BEGIN
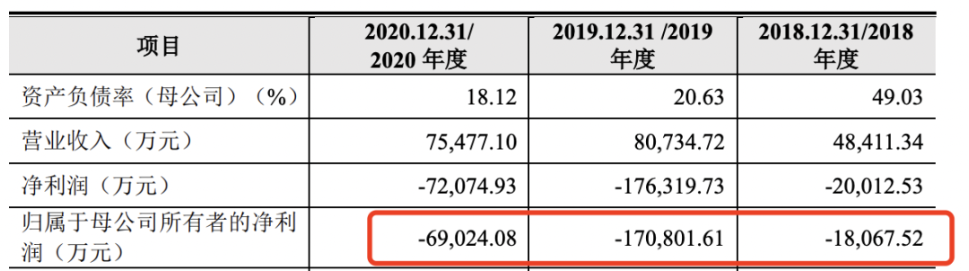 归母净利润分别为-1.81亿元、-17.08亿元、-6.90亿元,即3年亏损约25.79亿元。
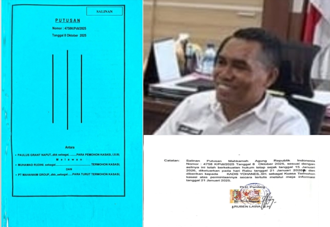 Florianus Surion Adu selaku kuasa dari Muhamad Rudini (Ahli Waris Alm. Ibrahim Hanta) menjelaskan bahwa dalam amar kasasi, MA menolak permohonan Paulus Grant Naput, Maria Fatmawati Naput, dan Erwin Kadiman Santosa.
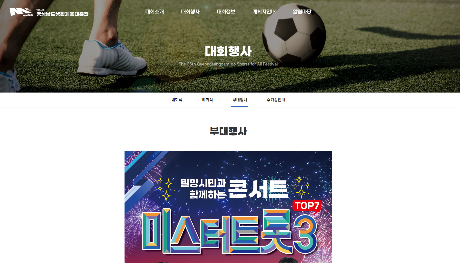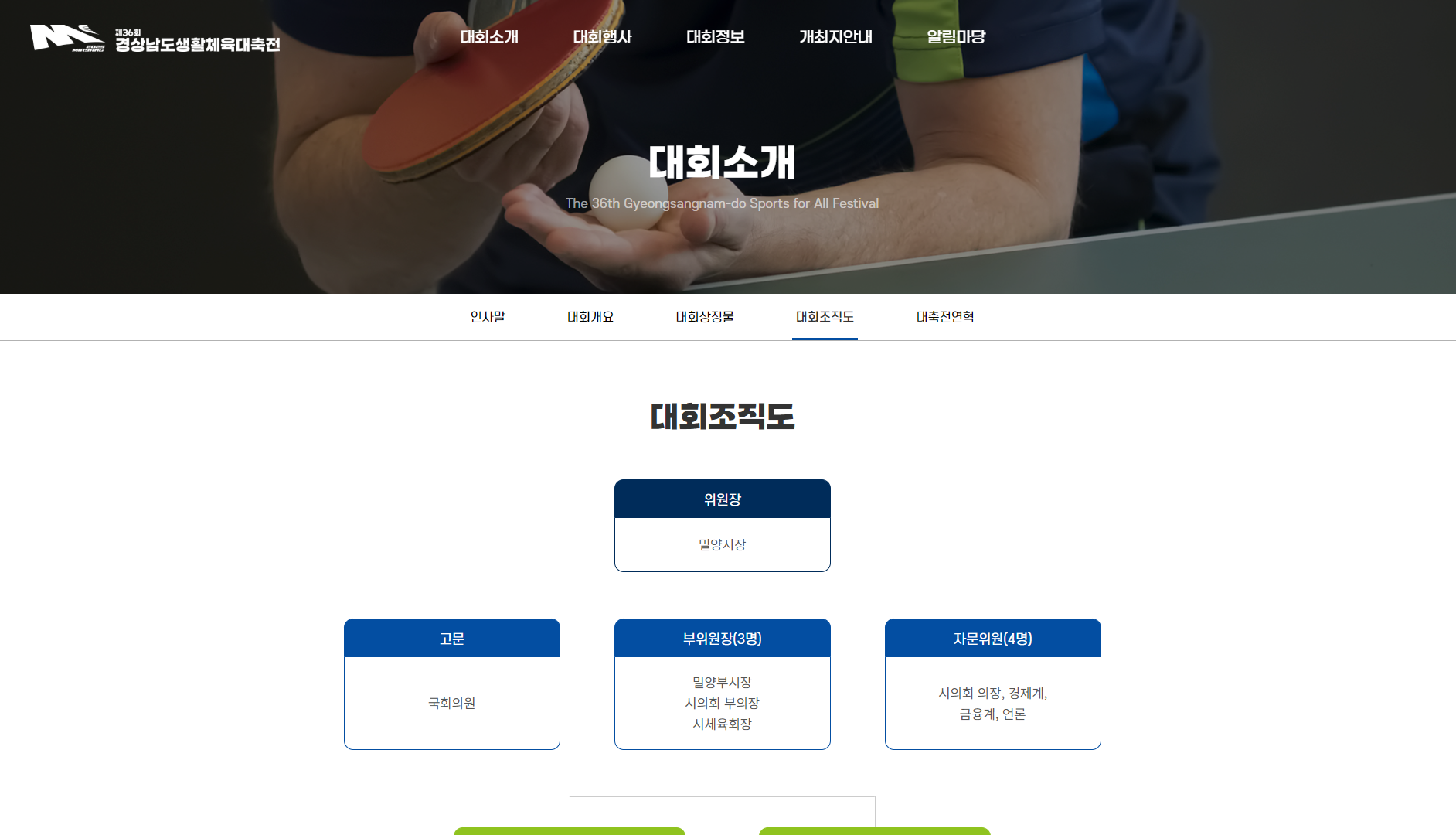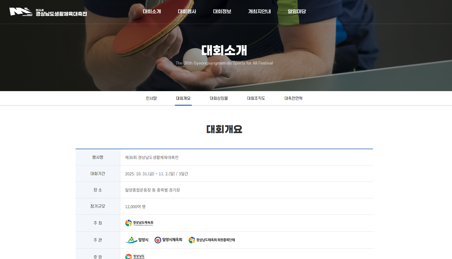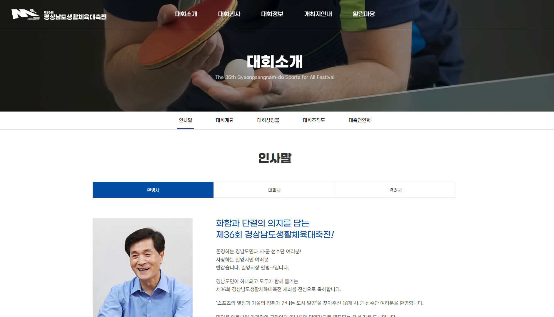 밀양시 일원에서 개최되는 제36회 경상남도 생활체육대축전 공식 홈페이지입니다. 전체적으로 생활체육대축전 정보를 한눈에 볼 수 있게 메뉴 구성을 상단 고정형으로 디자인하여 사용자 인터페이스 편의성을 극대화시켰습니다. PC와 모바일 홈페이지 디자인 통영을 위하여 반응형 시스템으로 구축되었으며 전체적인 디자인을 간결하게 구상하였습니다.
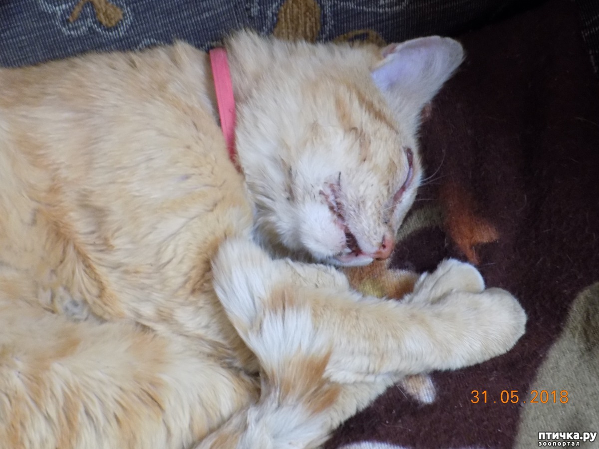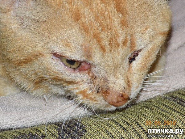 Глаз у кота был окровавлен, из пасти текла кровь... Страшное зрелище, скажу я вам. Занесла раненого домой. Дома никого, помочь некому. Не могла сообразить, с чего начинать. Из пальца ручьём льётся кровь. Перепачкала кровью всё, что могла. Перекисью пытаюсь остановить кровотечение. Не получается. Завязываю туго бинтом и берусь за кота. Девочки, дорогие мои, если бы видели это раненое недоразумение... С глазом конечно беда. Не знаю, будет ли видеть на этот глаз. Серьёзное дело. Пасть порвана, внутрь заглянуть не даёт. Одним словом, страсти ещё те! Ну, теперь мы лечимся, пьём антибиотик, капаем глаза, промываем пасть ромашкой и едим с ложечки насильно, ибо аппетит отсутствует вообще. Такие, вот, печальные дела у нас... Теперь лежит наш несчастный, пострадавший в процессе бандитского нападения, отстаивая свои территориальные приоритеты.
END
**TASK TO CARRY OUT**. Repeat only the lines from the beginning of the material through the line containing "밀양시 일원에서 개최되는", both ends kept, leaving pictures out.

**ANSWER BOX**.
 归母净利润分别为-1.81亿元、-17.08亿元、-6.90亿元,即3年亏损约25.79亿元。
 Florianus Surion Adu selaku kuasa dari Muhamad Rudini (Ahli Waris Alm. Ibrahim Hanta) menjelaskan bahwa dalam amar kasasi, MA menolak permohonan Paulus Grant Naput, Maria Fatmawati Naput, dan Erwin Kadiman Santosa.
 밀양시 일원에서 개최되는 제36회 경상남도 생활체육대축전 공식 홈페이지입니다. 전체적으로 생활체육대축전 정보를 한눈에 볼 수 있게 메뉴 구성을 상단 고정형으로 디자인하여 사용자 인터페이스 편의성을 극대화시켰습니다. PC와 모바일 홈페이지 디자인 통영을 위하여 반응형 시스템으로 구축되었으며 전체적인 디자인을 간결하게 구상하였습니다.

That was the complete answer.